Problem to work on.
Copy out the full listing exactly, omitting any picture it contains.

Data shown.

= Beginning of Section =

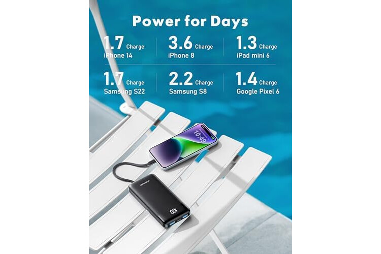 🔋【Super Slim, Accurate Percentage of Remaining Juice】 Slim 10000 power bank, its dimmension is 5.68''x2.63''x0.69'', and weigh only 0.5...
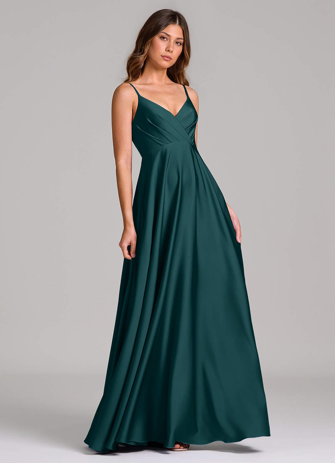 Pine A-Line Pleated Stretch Satin Dress
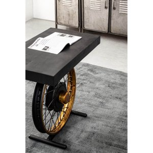 Il Tavolino Legno Nero Industriale da Interno – HORIZON è un pezzo d’arredo audace e originale, pensato per chi vuole valorizzare il proprio salotto con un tocco urban chic ispirato al design industriale. La struttura in acciaio nero, solida e imponente, è dominata da una ruota centrale scenografica con dettagli dorati che richiama il mondo delle officine e del recupero creativo, conferendo carattere e unicità all’ambiente. Il piano, realizzato in autentico legno di mango tinto nero, aggiunge calore materico e contrasta elegantemente con il rigore del metallo. Essendo frutto di lavorazione artigianale, ogni pezzo della linea HORIZON risulta unico, con impercettibili variazioni che ne esaltano l’autenticità. La parte superiore è da assemblare, il che facilita il trasporto e sottolinea la cura per i dettagli nella progettazione. Ideale per ambienti in stile industriale, vintage o loft metropolitani, questo tavolino da salotto fonde perfettamente estetica e funzionalità. Il Tavolino Legno Nero Industriale da Interno – HORIZON si esprime al meglio in spazi contemporanei dove design e personalità si incontrano, diventando il protagonista indiscusso del living.
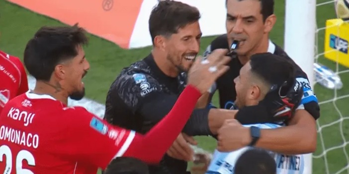 Lejos de un festejo tradicional, Rey y Lomónaco se abalanzaron sobre Martínez para festejarle el error prácticamente abrazándolo. La situación generó una enorme confusión en el campo de juego; mientras los jugadores de Racing interpretaron la acción como una provocación directa y salieron a defender a su compañero, los futbolistas del Rojo manifestaron que fue una descarga emocional ante la importancia de la jugada. El delantero académico, visiblemente afectado por el fallo, quedó en el centro de las críticas tras desperdiciar la oportunidad de inclinar la balanza a favor de su equipo.

= End of Section =

Written answer.
 🔋【Super Slim, Accurate Percentage of Remaining Juice】 Slim 10000 power bank, its dimmension is 5.68''x2.63''x0.69'', and weigh only 0.5...
 Pine A-Line Pleated Stretch Satin Dress
 Il Tavolino Legno Nero Industriale da Interno – HORIZON è un pezzo d’arredo audace e originale, pensato per chi vuole valorizzare il proprio salotto con un tocco urban chic ispirato al design industriale. La struttura in acciaio nero, solida e imponente, è dominata da una ruota centrale scenografica con dettagli dorati che richiama il mondo delle officine e del recupero creativo, conferendo carattere e unicità all’ambiente. Il piano, realizzato in autentico legno di mango tinto nero, aggiunge calore materico e contrasta elegantemente con il rigore del metallo. Essendo frutto di lavorazione artigianale, ogni pezzo della linea HORIZON risulta unico, con impercettibili variazioni che ne esaltano l’autenticità. La parte superiore è da assemblare, il che facilita il trasporto e sottolinea la cura per i dettagli nella progettazione. Ideale per ambienti in stile industriale, vintage o loft metropolitani, questo tavolino da salotto fonde perfettamente estetica e funzionalità. Il Tavolino Legno Nero Industriale da Interno – HORIZON si esprime al meglio in spazi contemporanei dove design e personalità si incontrano, diventando il protagonista indiscusso del living.
 Lejos de un festejo tradicional, Rey y Lomónaco se abalanzaron sobre Martínez para festejarle el error prácticamente abrazándolo. La situación generó una enorme confusión en el campo de juego; mientras los jugadores de Racing interpretaron la acción como una provocación directa y salieron a defender a su compañero, los futbolistas del Rojo manifestaron que fue una descarga emocional ante la importancia de la jugada. El delantero académico, visiblemente afectado por el fallo, quedó en el centro de las críticas tras desperdiciar la oportunidad de inclinar la balanza a favor de su equipo.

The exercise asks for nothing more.